▸ **Problem description**
Among the entries below, please repeat exactly and only the lines from the line containing "Leaf mimicking frog" to the line containing "Это интересно: Группа", both lines included.

▸ **Available data**

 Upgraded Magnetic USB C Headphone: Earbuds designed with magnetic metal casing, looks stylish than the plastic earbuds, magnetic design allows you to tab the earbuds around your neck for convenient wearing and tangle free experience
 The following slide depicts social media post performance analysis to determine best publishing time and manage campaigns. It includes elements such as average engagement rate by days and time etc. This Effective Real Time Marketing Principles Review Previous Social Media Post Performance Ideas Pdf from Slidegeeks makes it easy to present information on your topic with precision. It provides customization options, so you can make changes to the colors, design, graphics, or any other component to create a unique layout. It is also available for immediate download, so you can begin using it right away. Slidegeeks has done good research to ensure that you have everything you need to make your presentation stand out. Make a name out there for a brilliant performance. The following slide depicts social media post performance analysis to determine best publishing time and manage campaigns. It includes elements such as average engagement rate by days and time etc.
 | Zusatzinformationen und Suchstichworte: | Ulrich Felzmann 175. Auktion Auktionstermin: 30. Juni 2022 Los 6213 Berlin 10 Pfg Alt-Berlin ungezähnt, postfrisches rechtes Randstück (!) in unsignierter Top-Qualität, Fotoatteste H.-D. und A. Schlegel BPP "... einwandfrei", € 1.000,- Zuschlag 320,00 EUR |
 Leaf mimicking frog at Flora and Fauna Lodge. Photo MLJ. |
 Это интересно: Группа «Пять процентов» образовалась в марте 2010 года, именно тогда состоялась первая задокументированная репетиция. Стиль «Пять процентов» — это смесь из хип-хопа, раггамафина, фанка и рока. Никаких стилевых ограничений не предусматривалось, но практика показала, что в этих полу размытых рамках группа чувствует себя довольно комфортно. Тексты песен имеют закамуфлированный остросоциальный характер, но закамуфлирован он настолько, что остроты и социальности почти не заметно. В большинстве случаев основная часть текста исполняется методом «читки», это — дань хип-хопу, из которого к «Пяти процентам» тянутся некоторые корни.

--

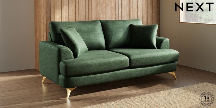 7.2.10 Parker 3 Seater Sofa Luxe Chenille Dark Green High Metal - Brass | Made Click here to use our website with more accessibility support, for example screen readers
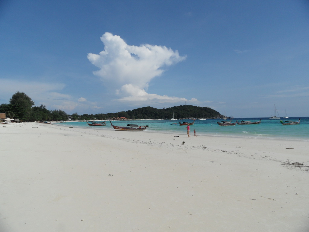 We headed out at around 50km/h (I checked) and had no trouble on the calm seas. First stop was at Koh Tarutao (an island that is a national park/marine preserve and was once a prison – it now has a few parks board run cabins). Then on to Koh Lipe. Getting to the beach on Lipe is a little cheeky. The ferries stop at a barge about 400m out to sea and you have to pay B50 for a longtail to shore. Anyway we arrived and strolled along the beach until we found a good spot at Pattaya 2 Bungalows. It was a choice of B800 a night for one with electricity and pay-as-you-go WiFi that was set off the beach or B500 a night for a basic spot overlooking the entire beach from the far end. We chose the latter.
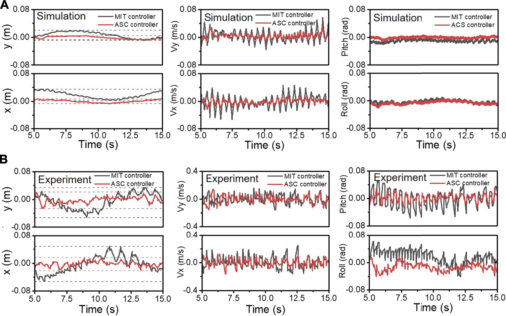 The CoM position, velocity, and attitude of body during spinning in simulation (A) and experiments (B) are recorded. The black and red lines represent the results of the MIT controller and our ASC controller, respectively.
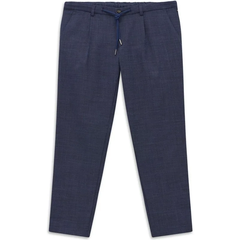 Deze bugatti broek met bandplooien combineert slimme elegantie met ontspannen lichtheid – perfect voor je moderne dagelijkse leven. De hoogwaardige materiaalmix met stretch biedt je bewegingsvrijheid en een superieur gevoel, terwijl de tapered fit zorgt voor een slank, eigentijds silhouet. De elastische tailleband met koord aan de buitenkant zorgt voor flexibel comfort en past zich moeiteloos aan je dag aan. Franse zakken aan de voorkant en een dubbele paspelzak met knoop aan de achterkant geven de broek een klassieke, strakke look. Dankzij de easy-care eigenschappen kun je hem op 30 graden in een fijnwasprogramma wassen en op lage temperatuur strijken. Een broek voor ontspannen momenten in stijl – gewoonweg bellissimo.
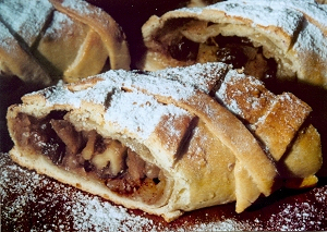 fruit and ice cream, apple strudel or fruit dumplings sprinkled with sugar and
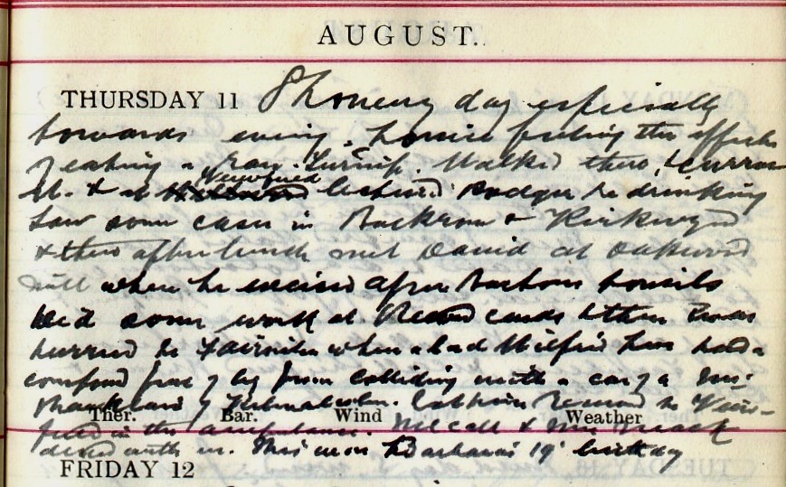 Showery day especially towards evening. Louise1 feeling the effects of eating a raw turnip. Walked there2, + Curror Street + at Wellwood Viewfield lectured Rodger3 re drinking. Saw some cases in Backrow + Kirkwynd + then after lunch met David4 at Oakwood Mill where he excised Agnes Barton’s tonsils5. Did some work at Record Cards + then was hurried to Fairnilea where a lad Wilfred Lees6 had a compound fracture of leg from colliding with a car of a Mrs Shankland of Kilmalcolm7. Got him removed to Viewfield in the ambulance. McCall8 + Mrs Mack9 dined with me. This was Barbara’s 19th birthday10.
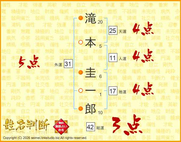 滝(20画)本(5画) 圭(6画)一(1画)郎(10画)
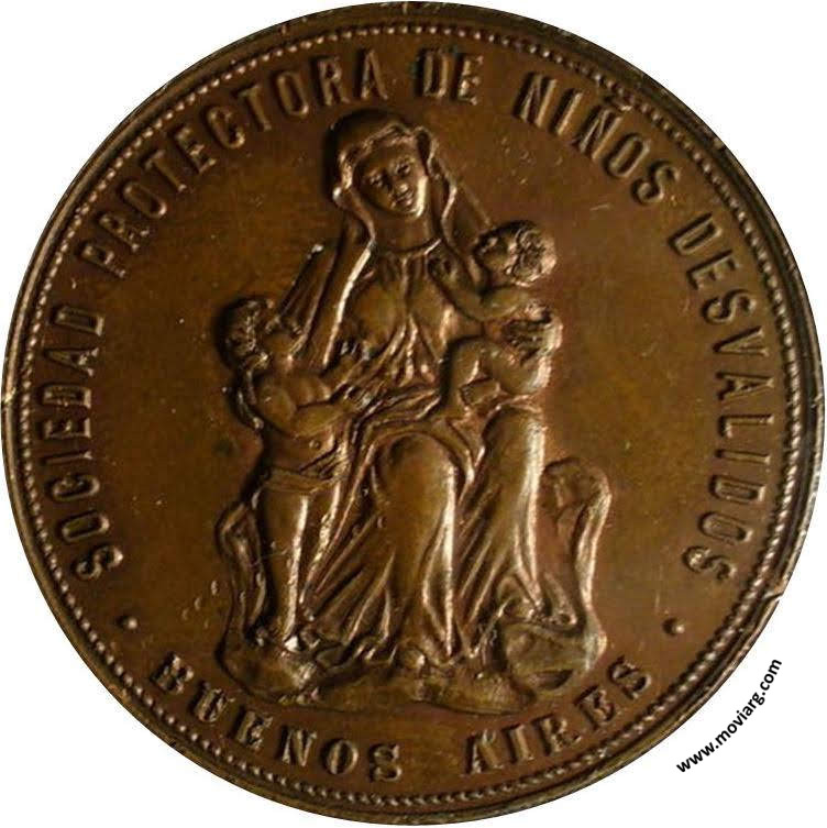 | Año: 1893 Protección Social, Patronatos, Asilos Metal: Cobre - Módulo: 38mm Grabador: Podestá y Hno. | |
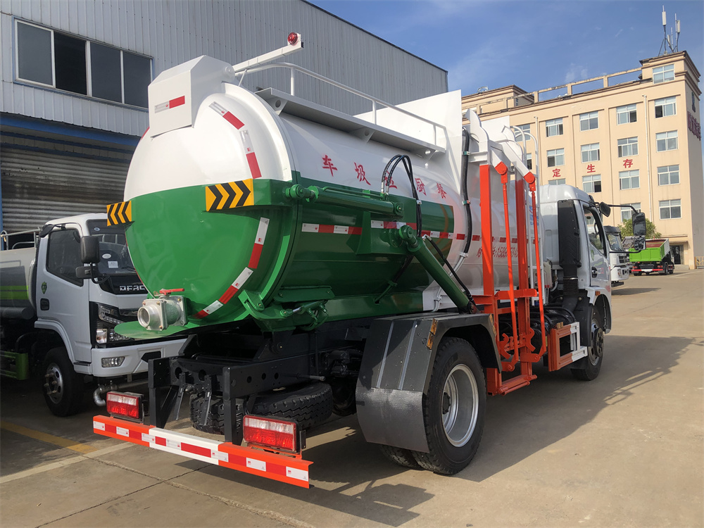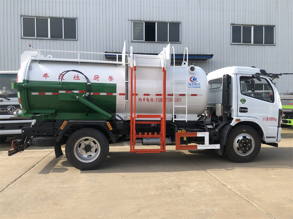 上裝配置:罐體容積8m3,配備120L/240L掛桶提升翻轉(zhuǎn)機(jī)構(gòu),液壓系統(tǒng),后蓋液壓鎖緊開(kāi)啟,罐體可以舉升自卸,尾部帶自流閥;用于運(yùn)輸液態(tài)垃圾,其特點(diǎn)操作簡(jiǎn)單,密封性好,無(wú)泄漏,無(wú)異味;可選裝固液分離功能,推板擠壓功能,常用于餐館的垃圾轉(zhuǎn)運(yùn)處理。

▸ **Solution below**
 Leaf mimicking frog at Flora and Fauna Lodge. Photo MLJ. |
 Это интересно: Группа «Пять процентов» образовалась в марте 2010 года, именно тогда состоялась первая задокументированная репетиция. Стиль «Пять процентов» — это смесь из хип-хопа, раггамафина, фанка и рока. Никаких стилевых ограничений не предусматривалось, но практика показала, что в этих полу размытых рамках группа чувствует себя довольно комфортно. Тексты песен имеют закамуфлированный остросоциальный характер, но закамуфлирован он настолько, что остроты и социальности почти не заметно. В большинстве случаев основная часть текста исполняется методом «читки», это — дань хип-хопу, из которого к «Пяти процентам» тянутся некоторые корни.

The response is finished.